In November 2020, Sarah organised a photo shoot inspired by COVID lockdowns and a recent artwork she had painted.
"I just got this idea of using a basketball court, just down the road, and I thought, what if I put this girl in the middle of the court, reading a magazine, supposedly having a really nice time, in the midst of this chaos that was going on in the world, making compromises to still be happy and enjoy life?"
She went and bought a pool ring and borrowed a little bag.
"It was 10 o'clock in the morning, and it was so hot," Sarah recalls of the shoot. "The poor girl had to sit on a towel underneath the pool ring, and we just had to measure out. She was in the middle of the court, and I put the drone up, and I just started shooting."
The Boston Drone Film Festival found Sarah and Lucy's picture on their Instagram page, Air Bare Studio, and asked them to enter it in their competition.
To their delight, their image won the architecture category in 2021, less than a year after they began experimenting with the drone.
"We felt a little like we didn't deserve the award as we were so inexperienced... but it gave us the confidence to enter another competition, which was Capture Magazine's Australasia's Top Emerging Photographers," Sarah says.
The same image took home that award in the Single Shot category.
An international publishing company has recently chosen 16 of Sarah and Lucy's images for their new book on minimalism in photography.
Reigniting creativity
Sarah says picking up a drone has helped reignite her creativity through a new lens.
She loved painting during school and her early adult years and has had a deep appreciation for art and design ever since.
"Photography is no different to creating a painting — it's all about composition, orientation, framing, colour and tone, and it should tell a story," she says.

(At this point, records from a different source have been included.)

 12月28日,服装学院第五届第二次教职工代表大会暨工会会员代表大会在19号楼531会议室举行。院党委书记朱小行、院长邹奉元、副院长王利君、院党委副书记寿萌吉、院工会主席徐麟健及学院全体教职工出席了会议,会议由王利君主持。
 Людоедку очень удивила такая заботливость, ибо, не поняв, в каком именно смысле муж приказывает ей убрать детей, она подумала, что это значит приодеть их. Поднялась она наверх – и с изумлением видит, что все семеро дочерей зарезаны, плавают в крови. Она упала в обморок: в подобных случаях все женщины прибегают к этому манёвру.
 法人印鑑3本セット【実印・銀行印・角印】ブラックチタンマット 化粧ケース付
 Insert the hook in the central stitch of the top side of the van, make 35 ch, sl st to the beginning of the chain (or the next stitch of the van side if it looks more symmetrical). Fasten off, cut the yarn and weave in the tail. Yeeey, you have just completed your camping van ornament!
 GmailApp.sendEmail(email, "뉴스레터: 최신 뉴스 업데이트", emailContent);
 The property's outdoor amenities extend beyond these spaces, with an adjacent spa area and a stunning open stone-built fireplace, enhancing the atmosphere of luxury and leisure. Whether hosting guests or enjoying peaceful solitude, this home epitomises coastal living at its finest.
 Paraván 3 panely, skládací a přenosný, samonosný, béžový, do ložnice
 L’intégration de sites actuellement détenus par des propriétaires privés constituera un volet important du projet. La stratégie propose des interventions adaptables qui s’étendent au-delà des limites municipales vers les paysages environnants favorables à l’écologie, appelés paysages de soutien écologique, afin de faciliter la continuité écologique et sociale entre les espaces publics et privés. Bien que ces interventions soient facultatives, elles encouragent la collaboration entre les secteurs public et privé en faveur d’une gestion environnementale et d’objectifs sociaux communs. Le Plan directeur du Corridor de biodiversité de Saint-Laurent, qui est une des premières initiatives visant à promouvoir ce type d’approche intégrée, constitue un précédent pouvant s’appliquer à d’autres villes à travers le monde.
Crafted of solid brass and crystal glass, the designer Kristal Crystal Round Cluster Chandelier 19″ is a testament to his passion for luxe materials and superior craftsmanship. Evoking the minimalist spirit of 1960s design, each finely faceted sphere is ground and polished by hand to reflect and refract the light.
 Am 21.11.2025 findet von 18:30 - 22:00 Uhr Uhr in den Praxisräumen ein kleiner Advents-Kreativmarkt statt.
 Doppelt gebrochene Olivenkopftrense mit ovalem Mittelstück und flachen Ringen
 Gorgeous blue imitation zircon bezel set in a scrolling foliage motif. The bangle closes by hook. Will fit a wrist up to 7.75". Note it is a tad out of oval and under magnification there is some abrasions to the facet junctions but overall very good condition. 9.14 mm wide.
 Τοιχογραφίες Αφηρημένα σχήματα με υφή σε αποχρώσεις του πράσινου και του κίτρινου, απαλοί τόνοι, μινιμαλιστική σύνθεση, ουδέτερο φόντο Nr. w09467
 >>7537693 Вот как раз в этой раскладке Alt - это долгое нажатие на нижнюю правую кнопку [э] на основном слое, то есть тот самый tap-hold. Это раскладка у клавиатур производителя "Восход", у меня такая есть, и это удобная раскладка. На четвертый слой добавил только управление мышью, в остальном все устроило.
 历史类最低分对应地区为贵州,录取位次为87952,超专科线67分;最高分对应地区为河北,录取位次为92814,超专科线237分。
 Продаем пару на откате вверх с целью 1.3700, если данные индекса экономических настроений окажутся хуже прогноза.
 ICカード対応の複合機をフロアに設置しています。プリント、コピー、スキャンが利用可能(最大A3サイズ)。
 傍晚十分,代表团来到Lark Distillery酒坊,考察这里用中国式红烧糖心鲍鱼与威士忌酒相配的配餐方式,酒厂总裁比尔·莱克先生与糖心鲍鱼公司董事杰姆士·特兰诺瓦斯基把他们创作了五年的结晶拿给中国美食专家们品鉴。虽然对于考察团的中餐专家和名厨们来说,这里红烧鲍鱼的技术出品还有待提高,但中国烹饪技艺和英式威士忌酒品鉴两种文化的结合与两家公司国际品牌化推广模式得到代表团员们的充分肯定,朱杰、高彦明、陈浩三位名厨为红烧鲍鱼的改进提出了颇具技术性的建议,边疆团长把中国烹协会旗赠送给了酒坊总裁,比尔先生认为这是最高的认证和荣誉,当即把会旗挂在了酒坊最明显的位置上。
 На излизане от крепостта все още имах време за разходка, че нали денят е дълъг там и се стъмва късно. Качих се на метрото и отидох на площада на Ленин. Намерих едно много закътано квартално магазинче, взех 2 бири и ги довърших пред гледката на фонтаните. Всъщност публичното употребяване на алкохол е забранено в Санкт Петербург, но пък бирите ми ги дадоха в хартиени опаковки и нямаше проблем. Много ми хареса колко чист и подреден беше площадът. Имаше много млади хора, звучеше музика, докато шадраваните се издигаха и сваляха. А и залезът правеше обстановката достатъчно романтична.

"I really do love to look at things in a minimalist way... to zero in on a particular section of an image for things that are quirky and unique.
"You've got to look at things from so many different perspectives to understand the real meaning of it."
Still, she laughs: "We don't always hit the mark."
Even though Lucy is back living in Melbourne, Sarah has continued to experiment and looks forward to studying an online photography course this year.
"Photography has just made me realise that it is something I can absolutely do," she says. "The drone can take me to places that I can't physically get to and create images I ordinarily wouldn't be able to."